Don't think you can hide much using XP alone (not so you can still use the files without inconvenience).

I _think _XP Home can hide some of the Administrator's 'My Documents' folders from other users, but that's about it.

There are shareware utilities etc on Tucows.com and CNET Downloads etc that allow you to hide or make any file or folder invisible to other users, but I don't think XP can do that in any useful way on its own.

(I tried to do the same for my Mum, as my nice and nephew use her PC when they go to stay with my parents. I was disappointed with what XP could actually do to prevent viewing and tampering.)


----------



## Mrcrowley (Apr 23, 2003)

Who.

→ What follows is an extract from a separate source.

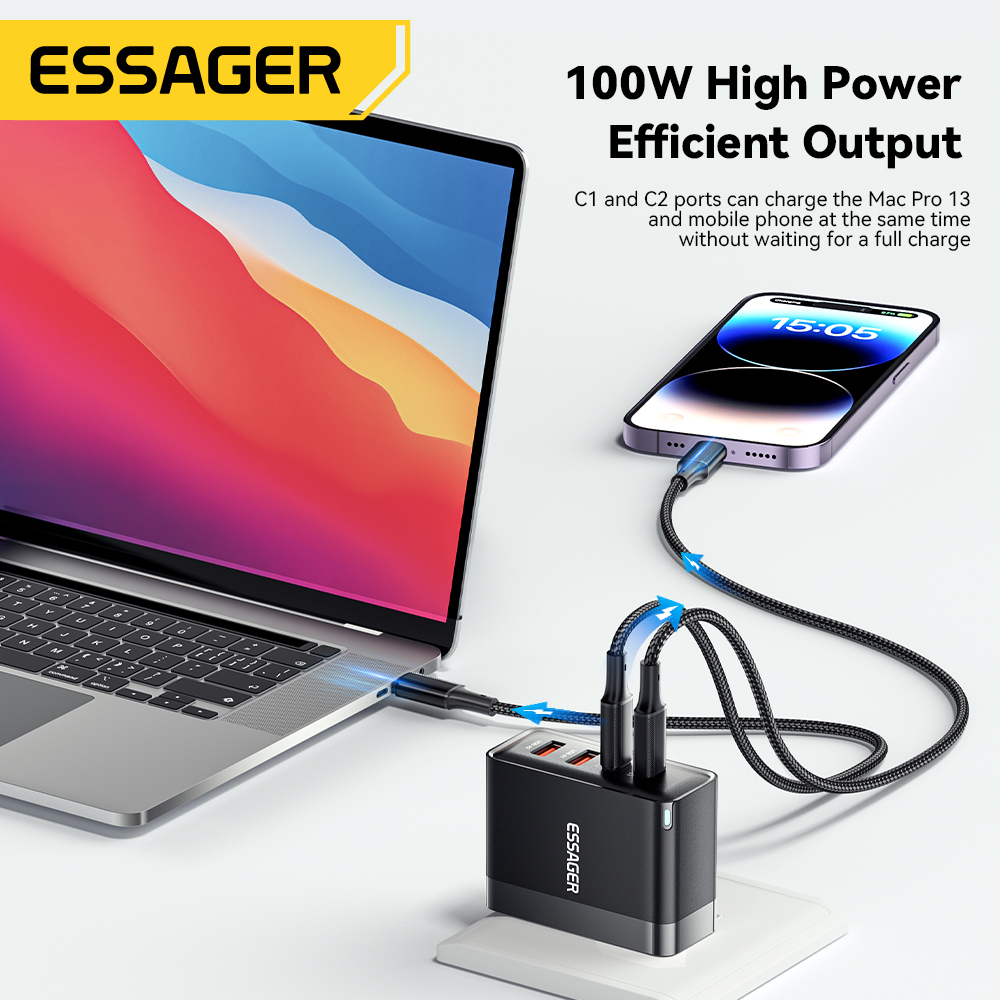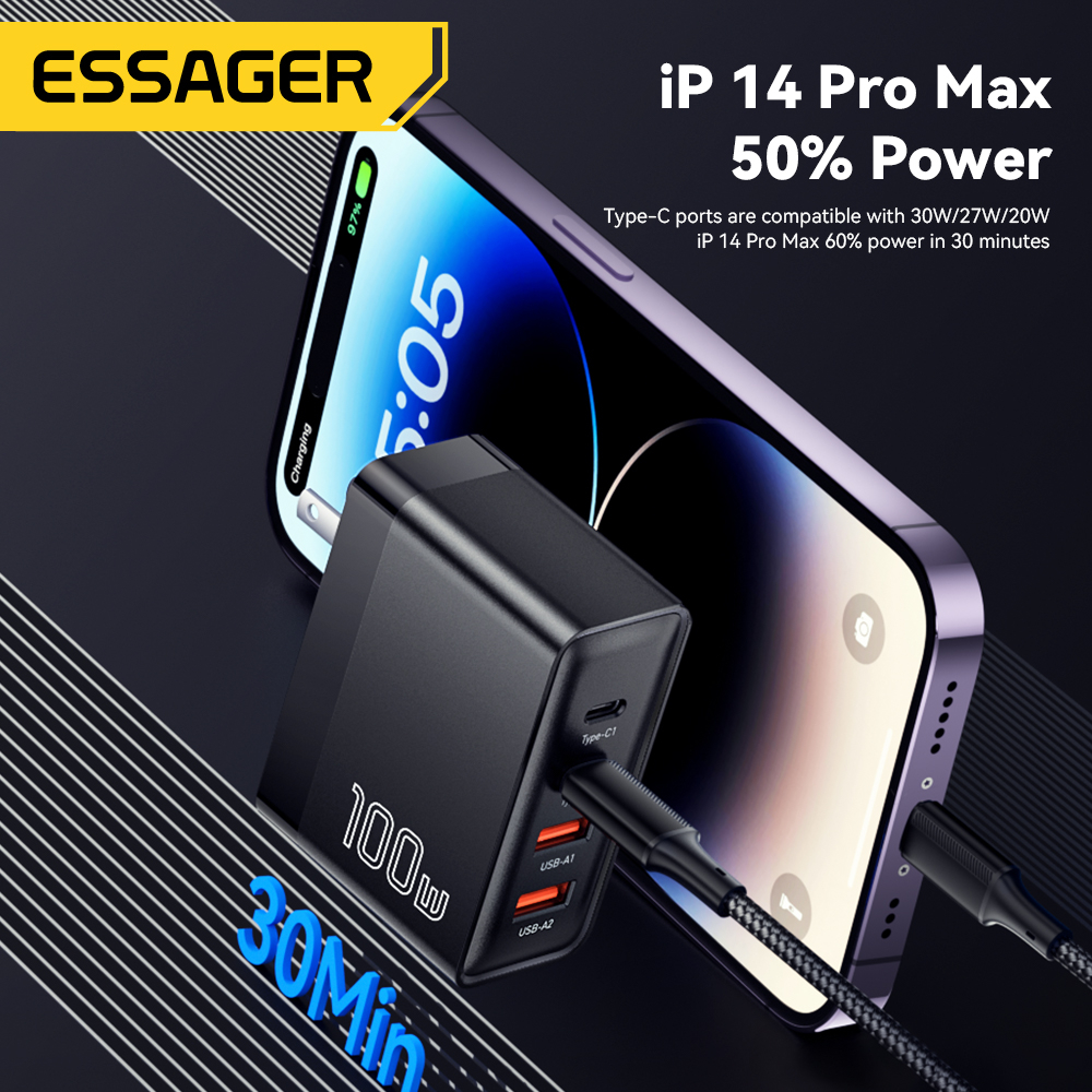 Essager Củ Sạc Nhanh Loại c gan 2c2a pd 100w Cho laptop Điện Thoại-SHop Phụ Kiện Số

Me? said:


> Don't think you can hide much using XP alone (not so you can still use the files without inconvenience).
> 
> I _think _XP Home can hide some of the Administrator's 'My Documents' folders from other users, but that's about it.
> 
> ...


Thanks - what a bugger.


----------



## rhaythorne (Jan 12, 2004)

Just change the permissions on the folders/files that you want to prevent her from accessing. Right-click the folder/file, select Properties from the menu and then click on the Security tab. In the top window is a list of users that have certain rights over that folder/file and its child objects (sub-folders and files). In the bottom window is listed the various permissions that each of the users has. This is called a DACL (pronounced "dackle") or Discretionary Access Control List. The individual entries in the list are called ACE's, or Access Control Entries.

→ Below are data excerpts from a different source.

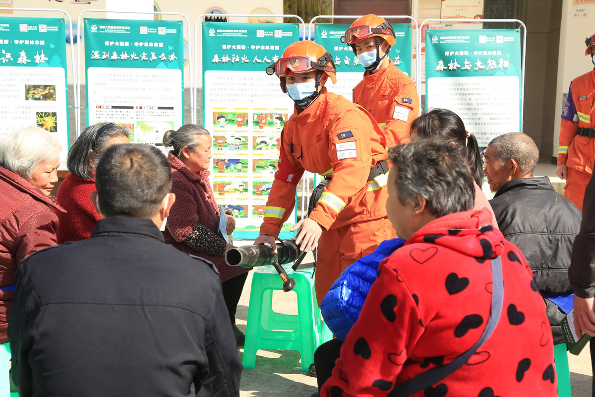 队伍指战员深入都江堰青城山社区、赵公山社区、白马社区,大邑县花水湾镇、斜源小学等地,通过悬挂横幅、陈列展板、现场讲解等方式开展防火宣传教育,发放宣传资料,为村民宣讲森林防火知识,并展示灭火装备,让群众体验装备功能。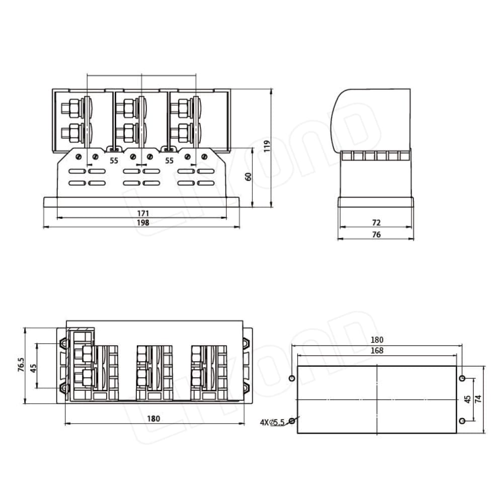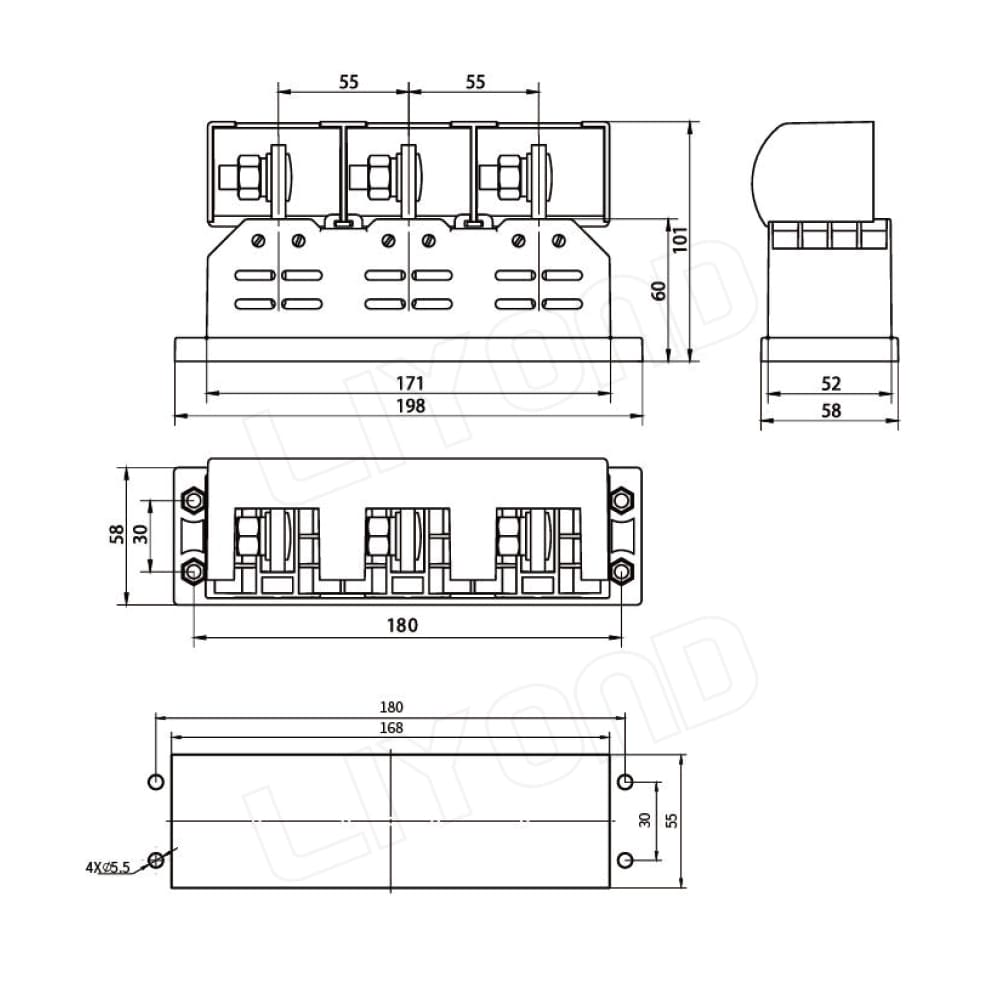 Чертёж трёхполюсных фиксированных контактов основного цепи XCT6-B-3-125A (250A, 400A)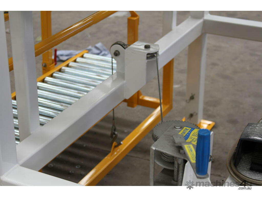 The ergonomically designed height adjustable front load out roller conveyor enables the operator to adjust the working height of the machine to suit their individual requirements.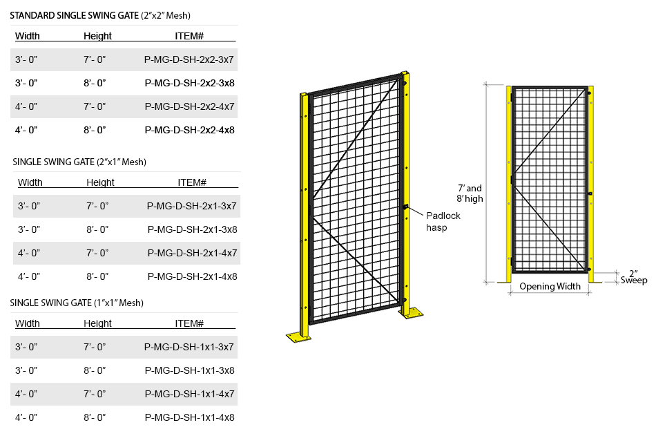 Single swing doors are made of 2” x 2” x 10GA welded wire mesh framed in 1 1/4” x 1 1/4” x 12GA structural angle with two welded 1/2 ø reinforcement rods. A pair of padlock hasps are included. Also available in 2”x1” and 1”x1” mesh.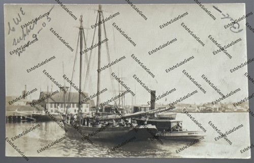 RPPC 1905 Gloucester MA ship SF MAPES tug boat STARTL... Real Photo Postcard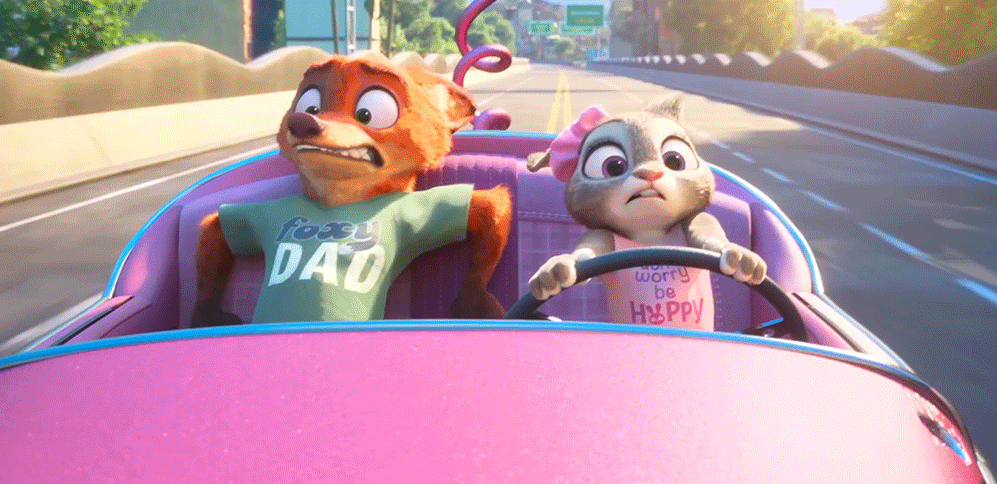 杰拉德·布什:第一部的时候,当我们被问到,我们说朱迪大约24、25岁,大概那个区间,尼克大概31、32、33岁。所以,如果我们延续这个,进入第二部的时候,他们大概年长了一年,再多一点点。因为如果你记得《动物城1》的结局,之间尼克去了警校接受训练,我们认为大概经过了一年。但是应和拜伦的观点:有一些动物的寿命非常短暂,所以如果完全按照动物的寿命来设定,那会有很多死死的鼠鼠。

Don't change the permissions on any system folders though (by default many of these are hidden in XP anyway so she shouldn't be able to see them unless you've changed that explicitly).

I'd suggest you create some test folders/files and practice changing the permissions on these first before making any changes to anything important. It's technically possible to remove all permissions from an object so that no one can access it, even the Administrator, then you have an interesting dilemma!


----------



## Mrcrowley (Apr 23, 2003)

rhaythorne said:


> Just change the permissions on the folders/files that you want to prevent her from accessing. Right-click the folder/file, select Properties from the menu and then click on the Security tab. In the top window is a list of users that have certain rights over that folder/file and its child objects (sub-folders and files). In the bottom window is listed the various permissions that each of the users has. This is called a DACL (pronounced "dackle") or Discretionary Access Control List. The individual entries in the list are called ACE's, or Access Control Entries.
> 
> Don't change the permissions on any system folders though (by default many of these are hidden in XP anyway so she shouldn't be able to see them unless you've changed that explicitly).
> 
> I'd suggest you create some test folders/files and practice changing the permissions on these first before making any changes to anything important. It's technically possible to remove all permissions from an object so that no one can access it, even the Administrator, then you have an interesting dilemma!


Thanks Rich

Basically just don't want her in My Computer or Control Panel.


----------



## rhaythorne (Jan 12, 2004)

The ability to set security settings on individual files and folders is one of the fundamental advantages that the NTFS file system (introduced with Windows NT) gives you over the FAT file systems used by earlier Microsoft OS's like Windows 3.x/95/98/ME.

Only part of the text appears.